* TASK INSTRUCTIONS *
Output only the lines below from the one holding "Vastes bois, grottes" down to the one holding "玉質,色灰白。器面飾浮雕螭紋", both end lines included and every picture dropped.

RECORDS FOR THIS TASK: Begin

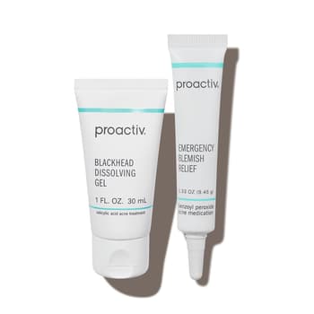 - <h6> Proactiv Emergency Blemish Relief </h6> <ul> <li>Contains an extra dose of acne fighting prescription-grade, Benzoyl Peroxide (5%)</li> <li>Perfect for on-the-go spot treatment</li> <li>Designed to unclog pores</li> <li>Specially formulated to help absorb excess oil and clear emergency blemishes fast</li> <li>Penetrates deep into the pores to help prevent new blemishes from forming</li> <li>Non-comedogenic</li> <li>Dermatologist tested</li> <li>Size: 0.33 oz</li> </ul> <h6> Proactiv Blackhead Dissolving Gel </h6> <ul> <li>Helps unclog pores</li> <li>Designed to help restore softness and clarity to the skin</li> <li>Dermatologist tested</li> <li>Non-comedogenic</li> <li>Size: 1.0 oz.</li> </ul>
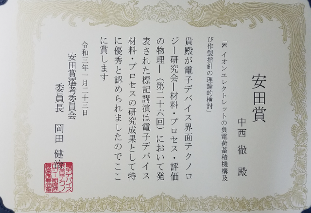 電子デバイス界面テクノロジー研究会・安田賞
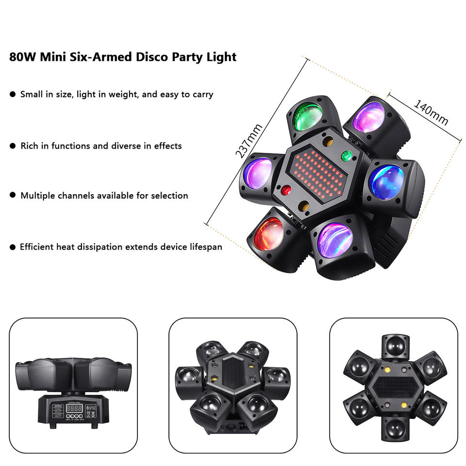 Faro mobile a 6 bracci Mini Beam 80W con effetto strobo, luci per feste, controllo remoto DMX512, per DJ, palcoscenici mobili, club e matrimoni
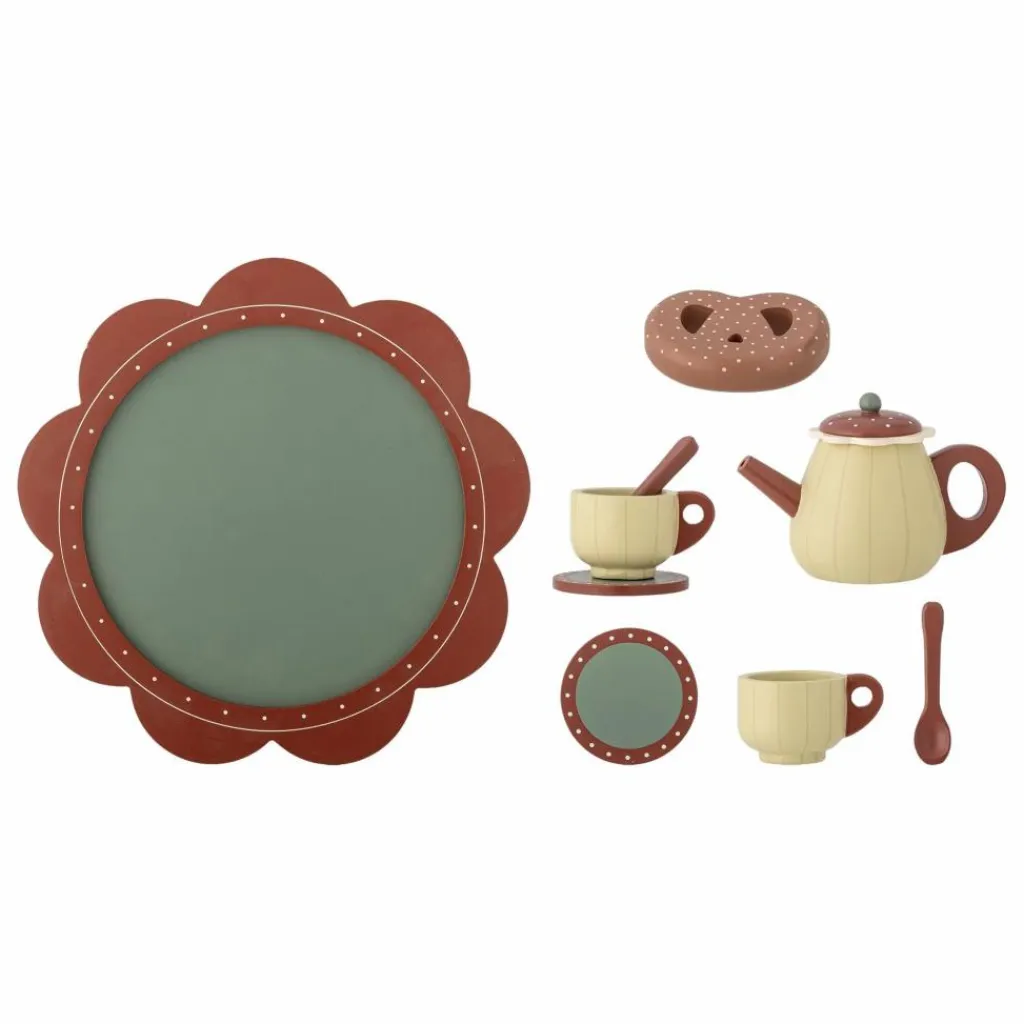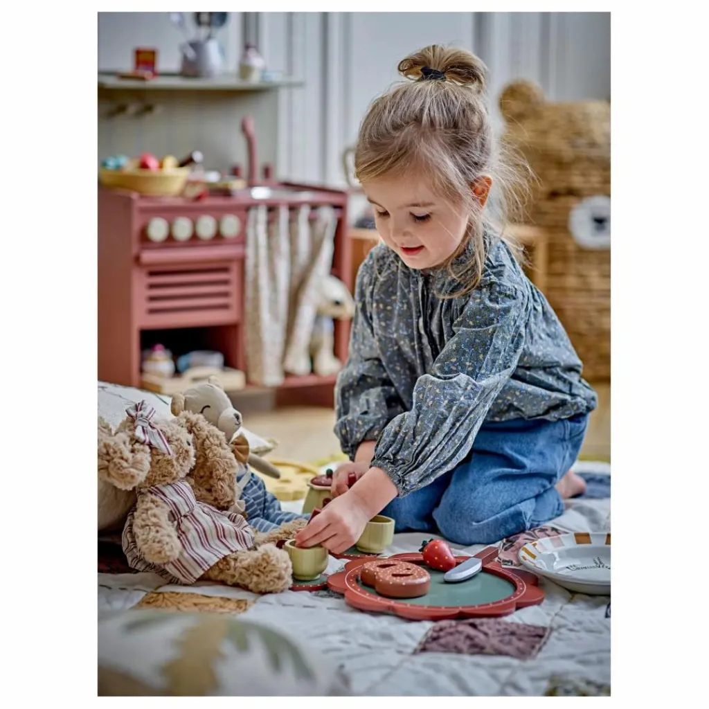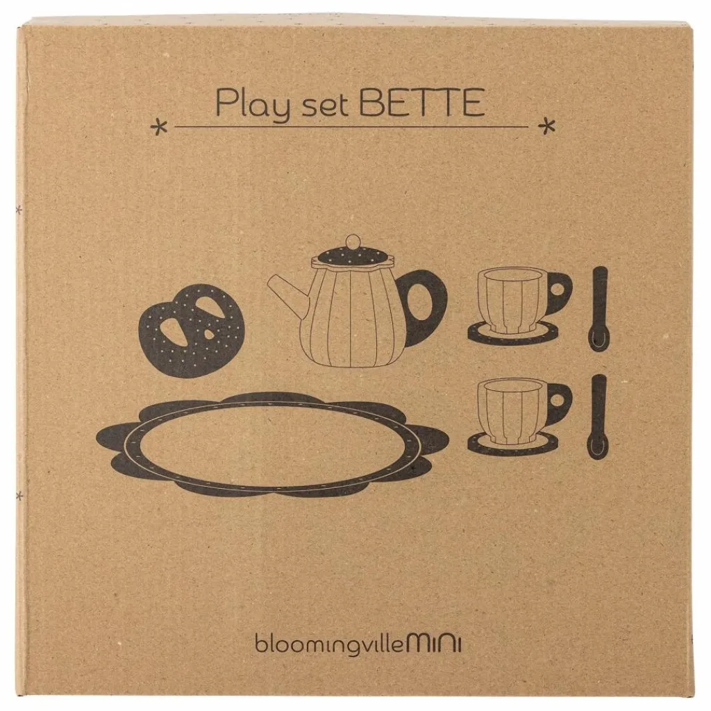 - Le Set de jeu Bette de Bloomingville MINI se compose de plusieurs pièces formant un service à thé. Ce joli set aux couleurs douces comprend 9 pièces, toutes fabriquées en bois certifié FSC. Le set comprend : un plateau, une théière, des tasses, des soucoupes, des cuillères et un bretzel. Avec ce service à thé et le plateau fleuri, les enfants peuvent jouer et inviter leurs nounours et amis à un goûter.
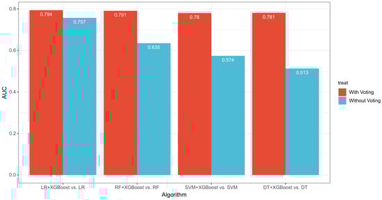 However, it is obvious that the AUC of ML models with Voting made an dramatic improvement and we plotted a bar chart in which this can be clearly observed, shown in Figure 5.
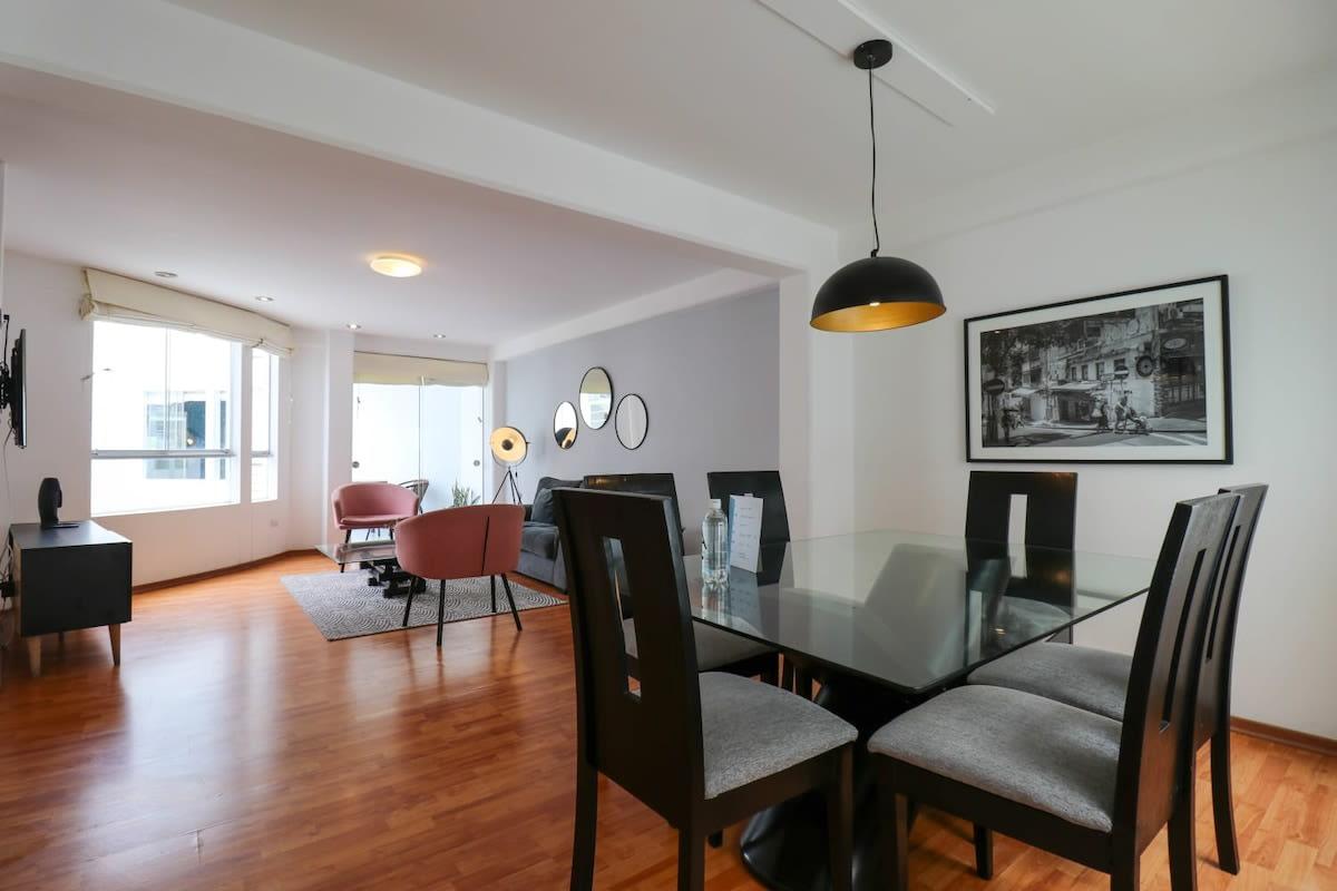 Stay in a spacious and modern 3-bedroom apartment, fully equipped to make you feel at home while exploring the best of Lima. Located in the heart of Barranco, Lima’s most bohemian and artistic district, you’ll be surrounded by charming colonial houses, colorful street art, lively bars, and breathtaking ocean views. Just a short walk away, you’ll discover world-renowned restaurants like Central, Merito, and Siete, seaside dining at Cala, and iconic spots like Ayahuasca Bar for an unforgettable night out. Plus, everything you need is within reach: cafés, convenience stores, supermarkets, and pharmacies are just around the corner. See “The Neighborhood” section for detailed information on restaurants, convenience stores and pharmacies nearby.
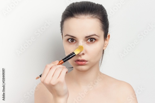 Fototapeta premium make-up brush and a woman with fair complexion
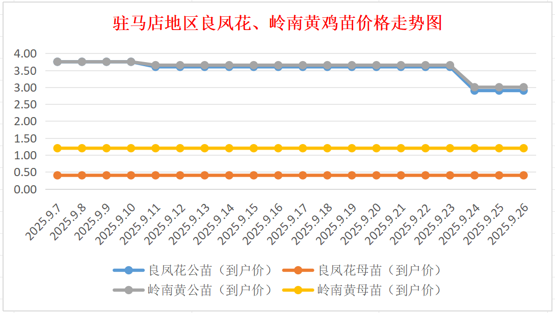 9月26日驻马店地区良凤花、岭南黄鸡苗价格行情
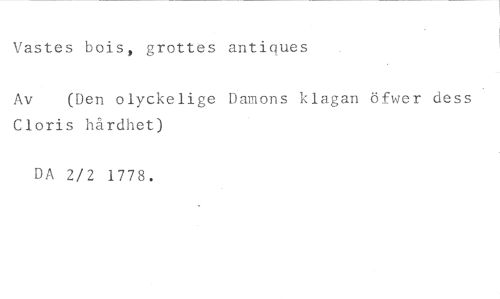 Vastes bois, grottes antiques //// Av (Den olyckelige Damons klagan öfwer dess • //// Cloris hårdhet) //// DA 2/2 1778.
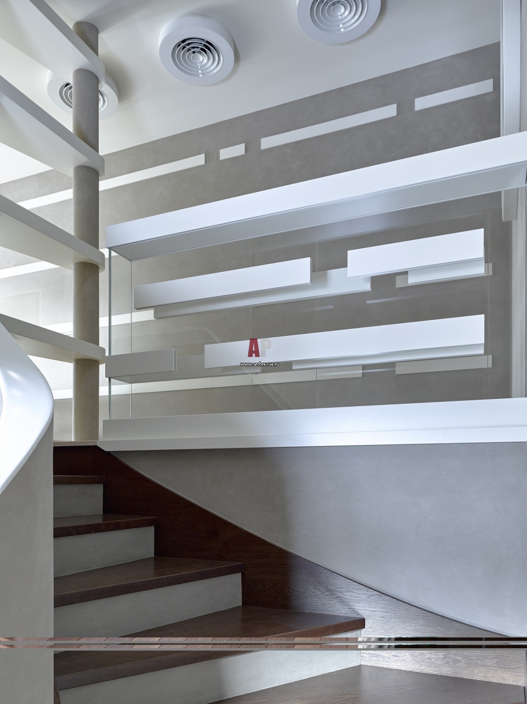 Лестничный холл третьего этажа оформлен в стиле 1960-70-х годов. Ограждения из стекла украшены декоративными элементами в виде пунктирных линий.
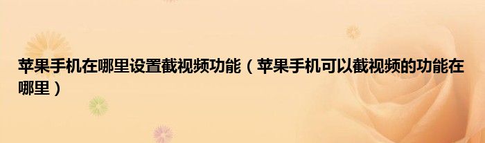 大家好,小常来为大家解答以上问题。苹果手机在哪里设置截视频功能,苹果手机可以截视频的功能在哪里很多人还不知道,现在让我们一起来看看吧!
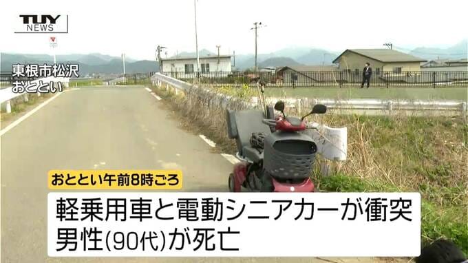 この事故は、おととい午前8時ごろ、東根市松沢の交差点でおきたもので、軽乗用車と電動シニアカーが出合い頭に衝突し、シニアカーに乗っていた90代の男性が死亡しました。
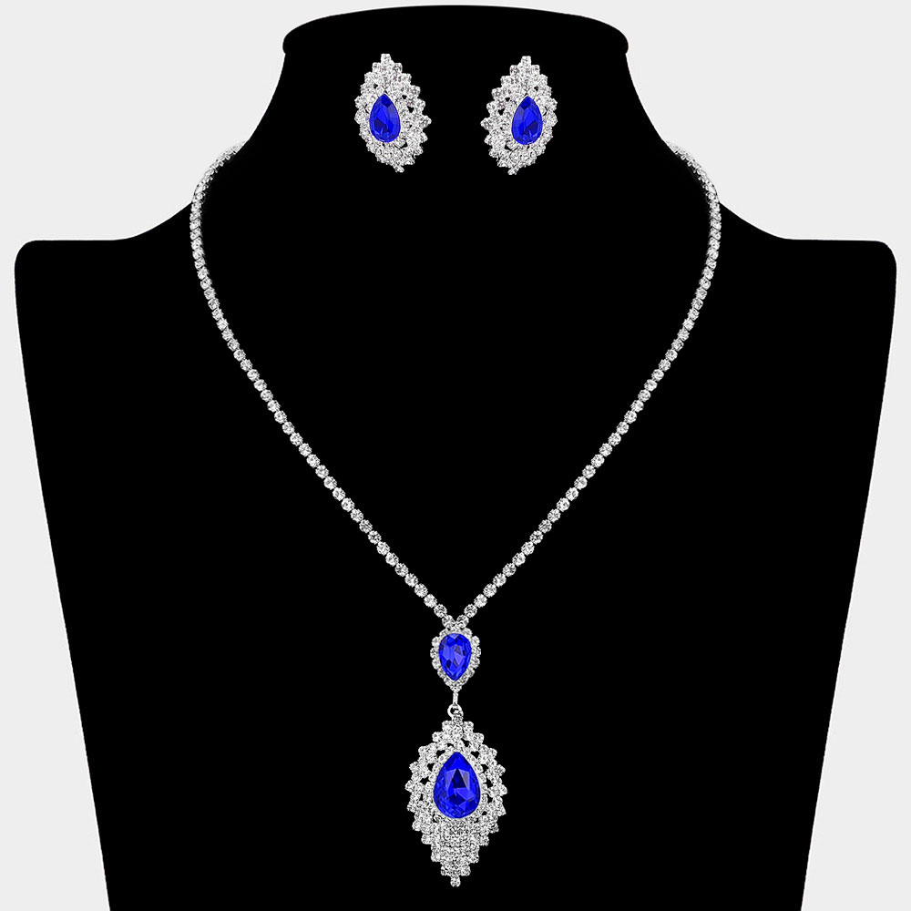 • Elegant teardrop crystal necklace with matching earrings featuring a double halo design and sparkling accents. A refined jewelry set ideal for weddings, proms, evening events, or adding sophistication to formal looks.
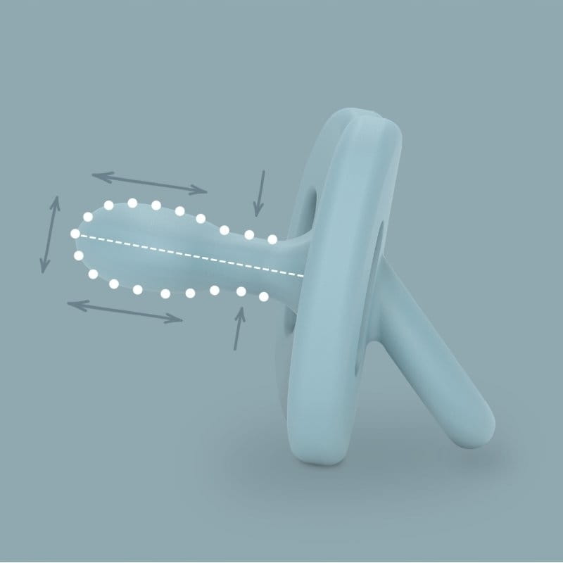 Elastický, tenký, ultra mäkký silikón. Napodobňuje textúru a tvar materskej bradavky, zároveň sa dokonale prispôsobuje tvaru podnebia bábätka.
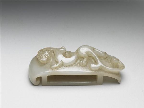 玉質,色灰白。器面飾浮雕螭紋,回首與獸身扭轉呈S形,頗具動感。劍璏是嵌飾於劍鞘上的飾物,同時具有固定革帶的功能。
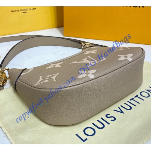 The Bagatelle mini hobo handbag is fashioned from supple, grained Monogram Empreinte leather. The embossed motif is oversized, the better to highlight the delicate color contrast of dove gray and cream. A graceful companion for any ensemble, it offers a host of stylish carry options thanks to the removable handle and detachable, adjustable strap.
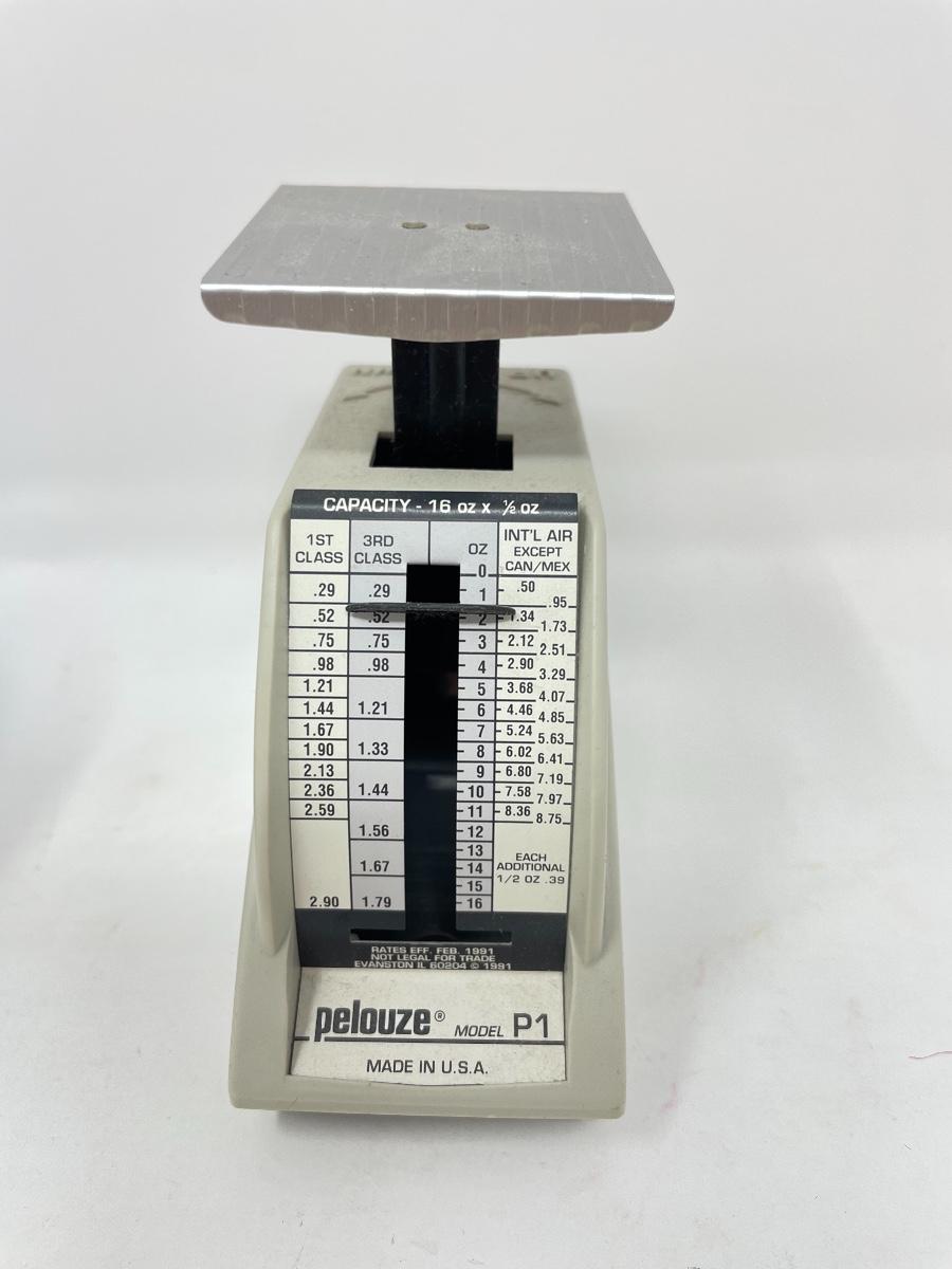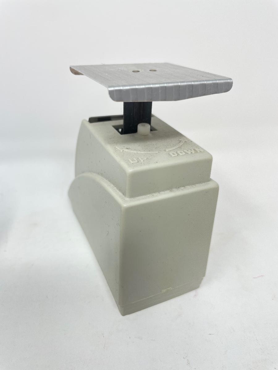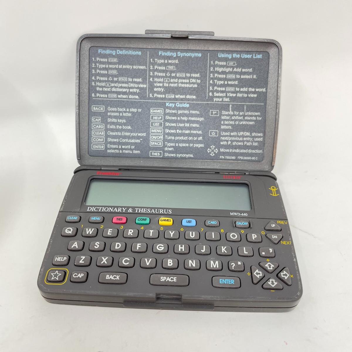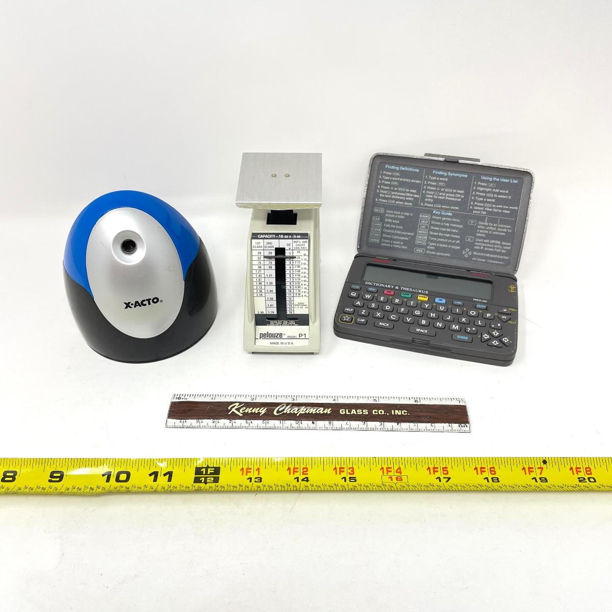 Lot includes a X-ACTO battery pencil sharpener, shipping scale, electronic dictionary and thesaurus, and plastic ruler. All in good physical condition, but not tested.
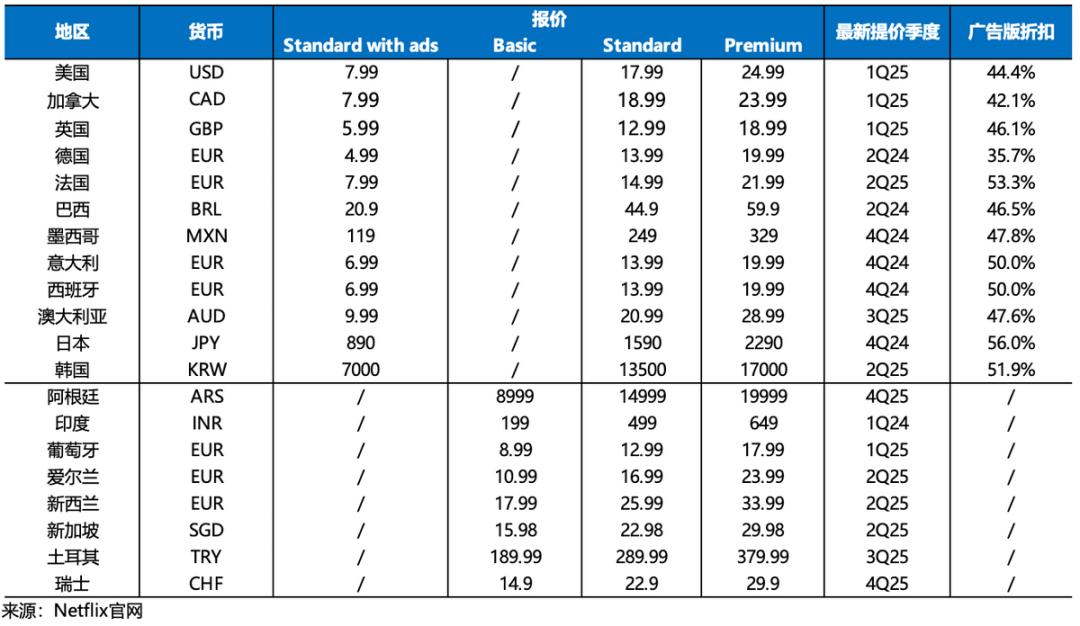 虽然过去一年,Netflix在国际地区(主要是亚洲)用户增长有良好势头,但无奈人均付费单价不足北美一半,因此短期增长还得靠在成熟市场的垄断优势下涨价。25年初北美、欧洲地区的陆续涨价,在四季度年末看到了明显的涨价效应。

RECORDS FOR THIS TASK: End

* EXERCISE RESULT *
 Vastes bois, grottes antiques //// Av (Den olyckelige Damons klagan öfwer dess • //// Cloris hårdhet) //// DA 2/2 1778.
 Лестничный холл третьего этажа оформлен в стиле 1960-70-х годов. Ограждения из стекла украшены декоративными элементами в виде пунктирных линий.
 大家好,小常来为大家解答以上问题。苹果手机在哪里设置截视频功能,苹果手机可以截视频的功能在哪里很多人还不知道,现在让我们一起来看看吧!
 この事故は、おととい午前8時ごろ、東根市松沢の交差点でおきたもので、軽乗用車と電動シニアカーが出合い頭に衝突し、シニアカーに乗っていた90代の男性が死亡しました。
 • Elegant teardrop crystal necklace with matching earrings featuring a double halo design and sparkling accents. A refined jewelry set ideal for weddings, proms, evening events, or adding sophistication to formal looks.
 Elastický, tenký, ultra mäkký silikón. Napodobňuje textúru a tvar materskej bradavky, zároveň sa dokonale prispôsobuje tvaru podnebia bábätka.
 玉質,色灰白。器面飾浮雕螭紋,回首與獸身扭轉呈S形,頗具動感。劍璏是嵌飾於劍鞘上的飾物,同時具有固定革帶的功能。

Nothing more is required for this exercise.